In this randomized, double-blind trial, we assigned 3445 patients with symptomatic heart failure and a left ventricular ejection fraction of 45% or more to receive either spironolactone (15 to 45 mg daily) or placebo. The primary outcome was a composite of death from cardiovascular causes, aborted cardiac arrest, or hospitalization for the management of heart failure.

RESULTS

With a mean follow-up of 3.3 years, the primary outcome occurred in 320 of 1722 patients in the spironolactone group (18.6%) and 351 of 1723 patients in the placebo group (20.4%) (hazard ratio, 0.89; 95% confidence interval [CI], 0.77 to 1.04; P=0.14). Of the components of the primary outcome, only hospitalization for heart failure had a significantly lower incidence in the spironolactone group than in the placebo group (206 patients [12.0%] vs. 245 patients [14.2%]; hazard ratio, 0.83; 95% CI, 0.69 to 0.99, P=0.04). Neither total deaths nor hospitalizations for any reason were significantly reduced by spironolactone. Treatment with spironolactone was associated with increased serum creatinine levels and a doubling of the rate of hyperkalemia (18.7%, vs. 9.1% in the placebo group) but reduced hypokalemia.

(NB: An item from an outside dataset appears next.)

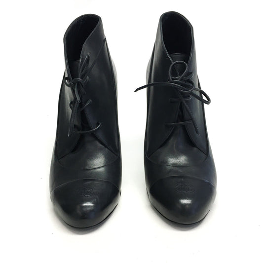 Bota Chanel Ankle Boot Preta Couro Tam. 38,5
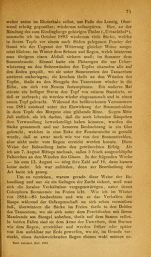 Schon Fuchs (1886) sammelte die Raupen-Säcke in großer Anzahl im Herbst auf den getrockneten Fruchtständen des Rainfarns, also an Wegrändern und in Brachen. Wo die Art vorkommt, ist sie - wenn man sich erst einmal eingeschaut hat - leicht zu finden. An der selben Pflanzenart leben auch die Raupensäcke der weiter verbreiteten Coleophora tanaceti.

With frequent monitoring, there were no significant differences in the incidence of serious adverse events, a serum creatinine level of 3.0 mg per deciliter (265 μmol per liter) or higher, or dialysis.

CONCLUSIONS

In patients with heart failure and a preserved ejection fraction, treatment with spironolactone did not significantly reduce the incidence of the primary composite outcome of death from cardiovascular causes, aborted cardiac arrest, or hospitalization for the management of heart failure. (Funded by the National Heart, Lung, and Blood Institute; TOPCAT ClinicalTrials.gov number, NCT00094302.).

摘要

背景

醛固酮受体拮抗剂可改善射血分数降低的心力衰竭患者的预后。我们评估了螺内酯在射血分数保留的心力衰竭患者中的作用。

方法

在这项随机、双盲试验中，我们将 3445 例有症状的心力衰竭且左心室射血分数≥45%的患者随机分为螺内酯（每天 15 至 45 毫克）或安慰剂组。主要终点是心血管原因死亡、心搏骤停未遂或心力衰竭住院治疗的复合终点。

结果

平均随访 3.3 年后，螺内酯组 1722 例患者中有 320 例（18.6%），安慰剂组 1723 例患者中有 351 例（20.4%）发生主要终点事件（风险比，0.89；95%置信区间[CI]，0.77 至 1.04；P=0.14）。主要终点的组成部分中，只有心力衰竭住院的发生率在螺内酯组低于安慰剂组（螺内酯组 206 例[12.0%]，安慰剂组 245 例[14.2%]；风险比，0.83；95%CI，0.69 至 0.99，P=0.04）。螺内酯治疗并未显著降低总死亡率或因任何原因住院的发生率。螺内酯治疗与血清肌酐水平升高和高钾血症发生率增加一倍（18.7%，安慰剂组为 9.1%）相关，但低钾血症减少。频繁监测时，严重不良事件的发生率、血清肌酐水平为 3.0 mg/dL（265 μmol/L）或更高或透析的发生率无显著差异。